I was signed off work and have been off work ever since. Being off work has helped enormously, if just because it has given me a chance to get used to being back on the maximum dose again. It’s given me a chance to sleep. It’s given me a chance to focus on myself and stop lying to myself that everything is ok, when it’s not. It’s given me the opportunity to start putting myself back together. It’s given me time to try and go back to the CBT steps that I learned two years ago and see if I can work out where I am going wrong, what I can do differently. It’s given me time to go back to the book that I believe really saved my life four years ago, Jeffrey Schwartz’s Brain Lock (I would encourage anyone with OCD to read this book). It has given me time.
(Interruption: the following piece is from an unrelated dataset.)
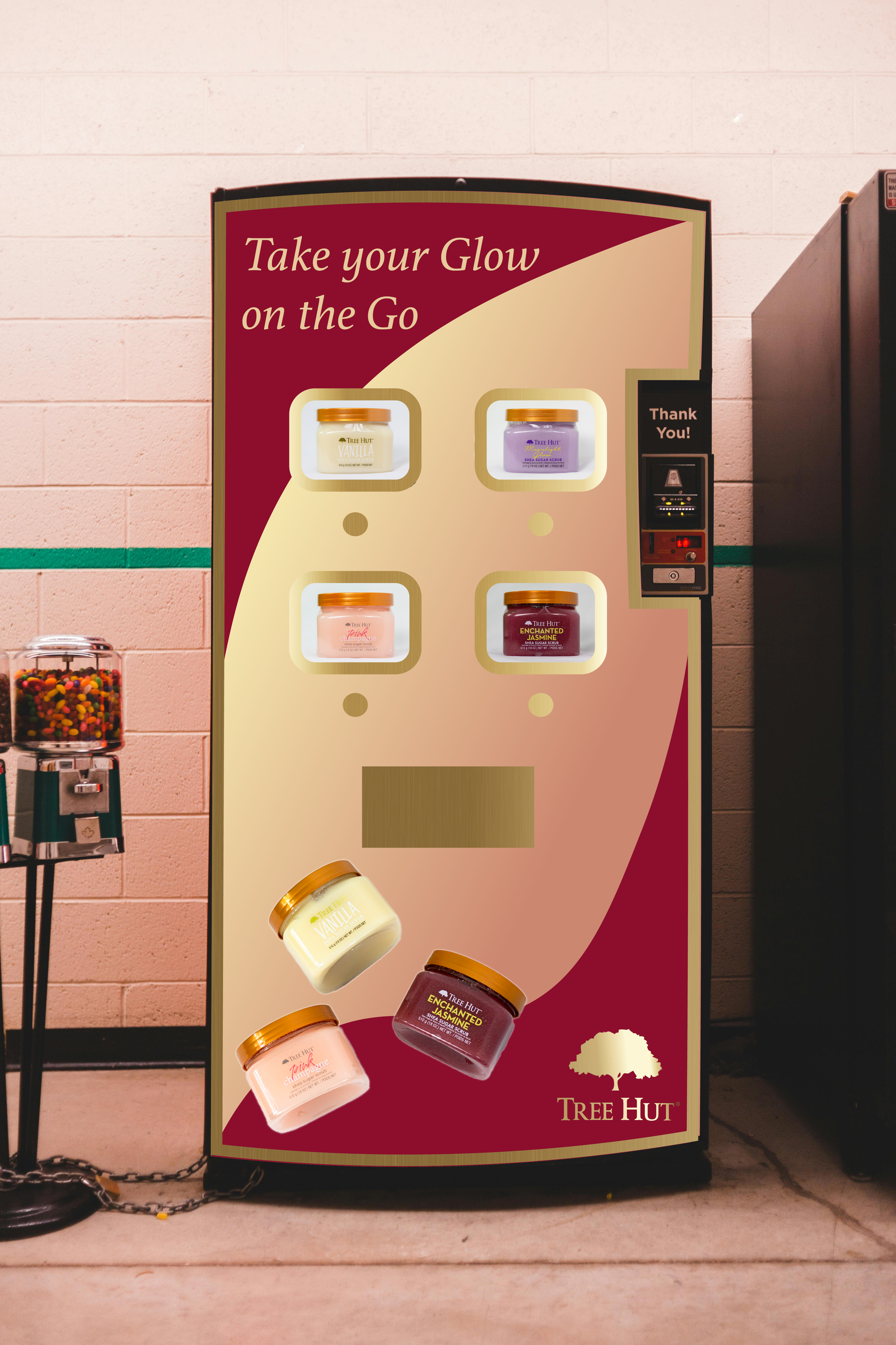 Consumers are able to pick from a menu of different washes that use elements from the scrub such as color and smell to emulate a Tree Hut luxury care experience from beginning to end. The audience is captive with undivided attention on the windshield and by projecting the Tree Hut logo onto it, it creates an unavoidable visual that links the concept of hydration and polishing the car to the exfoliating and moisturizing benefits of the scrub. It effectively disrupts the mundane wash cycle, reinforcing the message that maintenance, whether for their vehicle or their skin, is the key to staying in their prime. The Tree Hut air freshener drives the sensory experience and closes the loop on the path to purchase. Shaped like the iconic shea sugar scrub jar, this air freshener serves as an inexpensive, tangible "take-home" gift, offering immediate value to a demographic that appreciates practical perks. Vending machines will dispense mini-Tree Hut jars at the entrance and exit of the car wash, encouraging consumers to discover their new signature scent.

I have felt broken for so long, and it is giving me time to try and fix myself, one tiny step at a time. I am so grateful for this time.

I have a long way to go and I am nowhere near where I would like to be. A friend of mine suggested that I use this time to write. And that’s where this blog comes in. I hope it can shed some light on what it’s like to live with OCD, for myself and for anyone else who happens to read it. If it can help someone who lives with OCD feel a little less alone, then all the better. I have decided to just write, without re-reading and re-writing. So forgive me if the posts read as something disorganised and haphazard, but that’s my brain and that’s OCD. I am just going to write.